The increasing flexibility with unsaturation level of fatty acids is well documented. For instance, NMR studies have shown DHA to undergo rapid conformational transitions with short correlation times and exceptionally low deuterium order parameters [52, 53]. In addition, quantum mechanical calculations have shown that polyunsaturated chains sample greater conformational space around the cis double bonds with more rapid reorientations near the methyl end of the chain [54]. The increased conformational flexibility in PUFAs has been explained by lowered torsional energy barriers for the rotatable bonds in these carbon chains [55]. In addition, several rhodopsin studies show PUFA-specific modulation [55, 56]. Therefore, tail flexibility enabling PUFA electrostatic head group interactions may be a general mechanism.

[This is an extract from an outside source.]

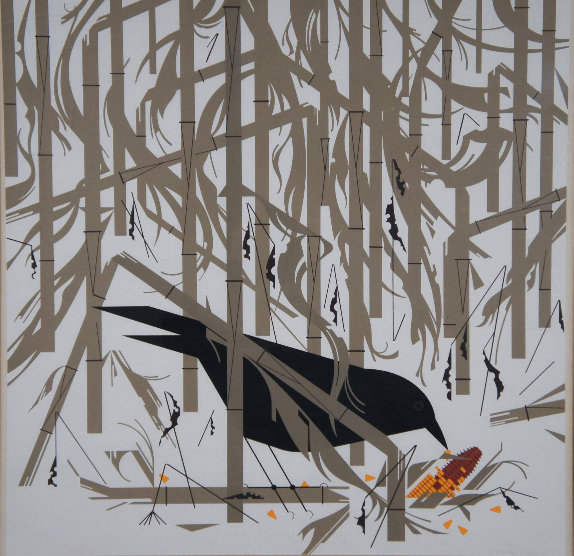 Vintage serigraph print titled "Crow in the Snow" by Charley Harper, showing a black crow nibbling on an ear of corn among snowy corn stalks. Framed under glass. Signed and numbered.

The interactions between the PUFA head groups and the VSD in the open state were concentrated to a few residues displaying high contact frequencies. While all interactions did not occur across all four subunits, sampling interactions across subunits for extended microsecond simulations times enabled identification of the major interaction residues. Interestingly, one of these residues was R362, which is the first (R1) of the gating charge residues. Because involvement of gating charges has also been observed in Shaker KV experiments [29, 57], it is indeed possible that PUFAs affect channel function by binding to our proposed binding site and reach the R1 gating charge from this position. In a recent study, mutations of residues M356 and A359 into arginines increased the K+ channel’s sensitivity to PUFAs considerably [57]. These residues, which are positioned on the S4 helix, also show up in our contact analyses but with lower contact frequencies, which might reflect limited sampling. In a study by Xu et al., it was established that higher hydrophobicity in a ten-residue segment in the extracellular part of the S3 helix in the paddle chimera helps to stabilize the open state of the channel [58]. Out of these ten residues, residues I325, T326, T329, V331, and A332 were identified as close contacts to PUFAs in our simulations of the open state channel, indicative of the role PUFAs play in stabilizing the open state of the channel.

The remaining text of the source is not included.